_YOUR ASSIGNMENT_
Below are records with pictures. Transcribe exactly, and only, the lines from the line with "Two young children, possibly" to the line with "10月9、10日展示。符合條", both ends included, but not the pictures.

(PROVIDED MATERIAL)

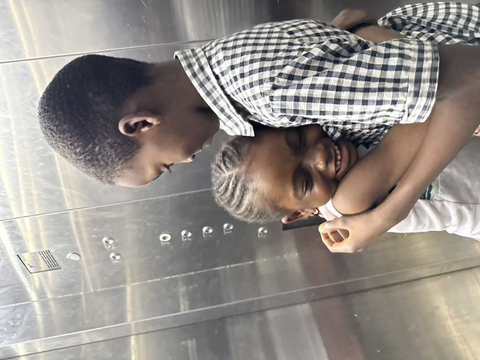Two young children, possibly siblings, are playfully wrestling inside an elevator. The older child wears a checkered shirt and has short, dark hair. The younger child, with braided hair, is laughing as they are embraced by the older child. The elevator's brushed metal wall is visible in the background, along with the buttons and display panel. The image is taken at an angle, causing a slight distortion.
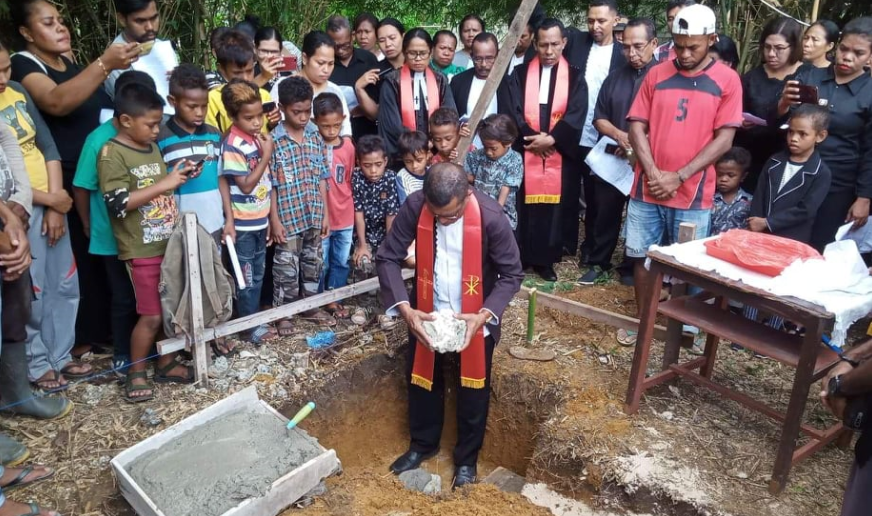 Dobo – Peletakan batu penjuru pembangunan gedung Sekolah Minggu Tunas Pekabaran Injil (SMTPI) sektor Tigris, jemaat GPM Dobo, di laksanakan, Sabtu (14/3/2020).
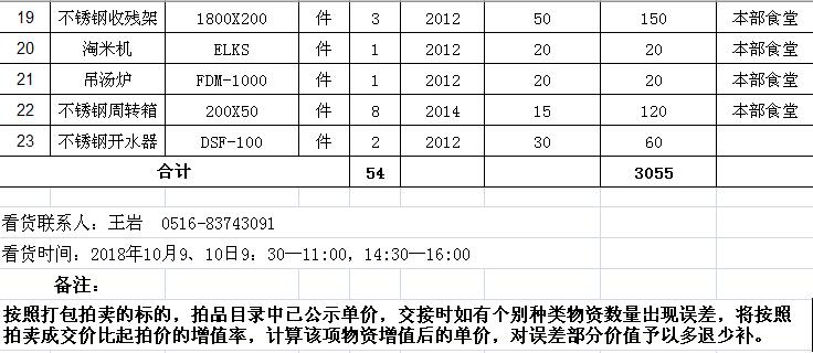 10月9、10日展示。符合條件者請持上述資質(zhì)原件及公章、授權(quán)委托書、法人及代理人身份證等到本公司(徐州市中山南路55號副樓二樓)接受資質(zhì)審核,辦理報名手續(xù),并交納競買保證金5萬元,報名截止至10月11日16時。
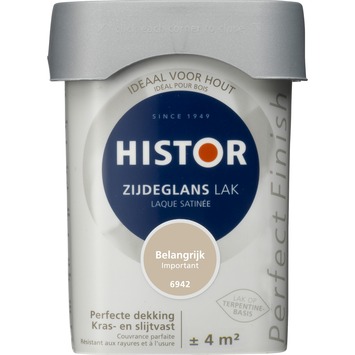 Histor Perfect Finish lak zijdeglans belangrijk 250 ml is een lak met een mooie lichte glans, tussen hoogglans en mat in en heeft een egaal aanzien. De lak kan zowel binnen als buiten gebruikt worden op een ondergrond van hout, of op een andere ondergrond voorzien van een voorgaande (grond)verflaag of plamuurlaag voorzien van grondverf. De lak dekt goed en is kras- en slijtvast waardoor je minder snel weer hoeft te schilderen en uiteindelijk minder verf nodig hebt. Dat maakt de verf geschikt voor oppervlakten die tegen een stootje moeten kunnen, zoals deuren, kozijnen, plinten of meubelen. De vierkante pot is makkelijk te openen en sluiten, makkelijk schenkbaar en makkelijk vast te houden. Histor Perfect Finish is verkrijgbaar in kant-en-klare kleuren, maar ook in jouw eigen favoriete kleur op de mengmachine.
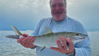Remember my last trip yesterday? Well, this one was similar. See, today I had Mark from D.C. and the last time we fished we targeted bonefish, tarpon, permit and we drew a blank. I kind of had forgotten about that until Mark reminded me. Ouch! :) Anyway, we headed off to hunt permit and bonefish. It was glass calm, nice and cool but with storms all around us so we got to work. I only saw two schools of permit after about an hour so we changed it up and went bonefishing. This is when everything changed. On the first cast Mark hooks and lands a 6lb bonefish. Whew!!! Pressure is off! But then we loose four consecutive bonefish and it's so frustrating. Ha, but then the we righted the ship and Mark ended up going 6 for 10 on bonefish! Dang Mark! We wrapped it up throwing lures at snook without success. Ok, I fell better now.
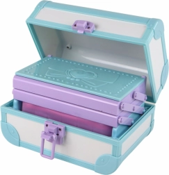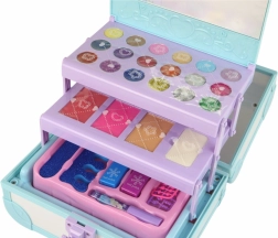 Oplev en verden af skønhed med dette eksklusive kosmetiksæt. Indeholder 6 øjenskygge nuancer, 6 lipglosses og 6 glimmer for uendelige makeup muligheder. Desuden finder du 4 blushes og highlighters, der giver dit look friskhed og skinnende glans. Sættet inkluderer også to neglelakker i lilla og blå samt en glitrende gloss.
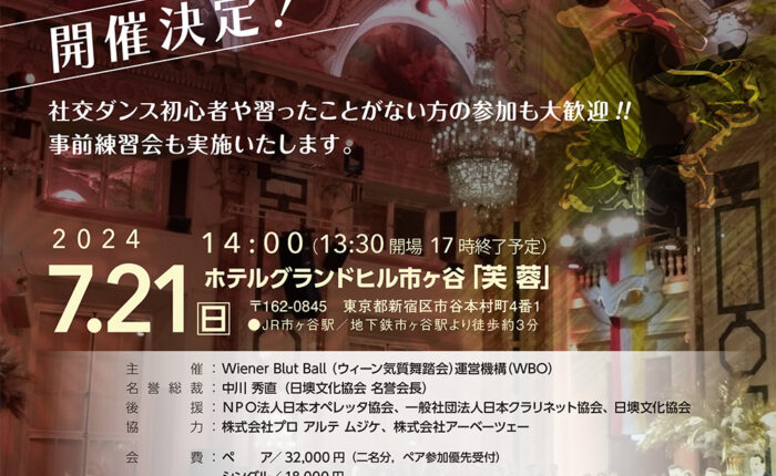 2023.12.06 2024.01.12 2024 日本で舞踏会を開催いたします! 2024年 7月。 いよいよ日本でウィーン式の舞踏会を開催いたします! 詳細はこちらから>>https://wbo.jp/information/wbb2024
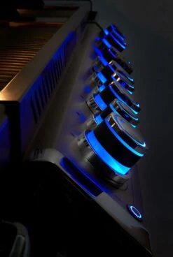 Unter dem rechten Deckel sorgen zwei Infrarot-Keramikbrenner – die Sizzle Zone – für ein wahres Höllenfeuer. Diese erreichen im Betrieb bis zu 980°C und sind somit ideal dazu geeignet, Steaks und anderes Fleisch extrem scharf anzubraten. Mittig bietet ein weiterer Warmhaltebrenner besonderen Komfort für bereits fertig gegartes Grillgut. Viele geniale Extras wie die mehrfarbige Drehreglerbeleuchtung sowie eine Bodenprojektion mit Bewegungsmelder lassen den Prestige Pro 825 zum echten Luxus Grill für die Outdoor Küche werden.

(End PROVIDED MATERIAL)
(PROVIDED MATERIAL)

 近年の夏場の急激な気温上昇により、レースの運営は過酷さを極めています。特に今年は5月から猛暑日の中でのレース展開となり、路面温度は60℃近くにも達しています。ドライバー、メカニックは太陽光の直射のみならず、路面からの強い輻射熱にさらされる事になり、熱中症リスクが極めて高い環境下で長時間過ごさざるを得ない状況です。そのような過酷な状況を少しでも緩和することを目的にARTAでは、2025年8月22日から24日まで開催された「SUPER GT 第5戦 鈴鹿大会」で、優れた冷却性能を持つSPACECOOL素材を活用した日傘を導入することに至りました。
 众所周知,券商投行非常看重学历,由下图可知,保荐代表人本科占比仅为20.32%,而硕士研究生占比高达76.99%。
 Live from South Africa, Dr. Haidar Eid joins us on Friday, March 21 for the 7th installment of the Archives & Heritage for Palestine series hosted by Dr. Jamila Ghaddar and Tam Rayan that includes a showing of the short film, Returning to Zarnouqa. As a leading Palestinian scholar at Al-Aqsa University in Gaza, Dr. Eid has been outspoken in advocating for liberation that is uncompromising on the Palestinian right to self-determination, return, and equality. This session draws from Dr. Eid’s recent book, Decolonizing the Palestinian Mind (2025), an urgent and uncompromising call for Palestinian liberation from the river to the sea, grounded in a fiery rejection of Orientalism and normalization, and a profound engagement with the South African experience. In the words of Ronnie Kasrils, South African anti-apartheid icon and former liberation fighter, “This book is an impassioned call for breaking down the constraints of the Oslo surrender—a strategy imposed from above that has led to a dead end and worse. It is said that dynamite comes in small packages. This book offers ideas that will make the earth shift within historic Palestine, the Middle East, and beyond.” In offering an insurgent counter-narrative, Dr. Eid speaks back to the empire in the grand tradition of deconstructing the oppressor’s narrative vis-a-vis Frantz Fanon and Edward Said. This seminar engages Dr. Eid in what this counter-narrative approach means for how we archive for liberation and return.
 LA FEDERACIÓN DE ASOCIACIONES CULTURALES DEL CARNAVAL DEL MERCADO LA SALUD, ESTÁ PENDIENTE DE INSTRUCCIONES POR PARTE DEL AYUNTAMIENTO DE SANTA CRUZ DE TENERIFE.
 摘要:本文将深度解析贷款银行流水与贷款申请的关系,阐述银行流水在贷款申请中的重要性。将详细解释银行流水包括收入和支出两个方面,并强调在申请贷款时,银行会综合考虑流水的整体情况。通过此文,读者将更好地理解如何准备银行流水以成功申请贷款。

(End PROVIDED MATERIAL)

_SOLUTION_
Two young children, possibly siblings, are playfully wrestling inside an elevator. The older child wears a checkered shirt and has short, dark hair. The younger child, with braided hair, is laughing as they are embraced by the older child. The elevator's brushed metal wall is visible in the background, along with the buttons and display panel. The image is taken at an angle, causing a slight distortion.
 Dobo – Peletakan batu penjuru pembangunan gedung Sekolah Minggu Tunas Pekabaran Injil (SMTPI) sektor Tigris, jemaat GPM Dobo, di laksanakan, Sabtu (14/3/2020).
 10月9、10日展示。符合條件者請持上述資質(zhì)原件及公章、授權(quán)委托書、法人及代理人身份證等到本公司(徐州市中山南路55號副樓二樓)接受資質(zhì)審核,辦理報名手續(xù),并交納競買保證金5萬元,報名截止至10月11日16時。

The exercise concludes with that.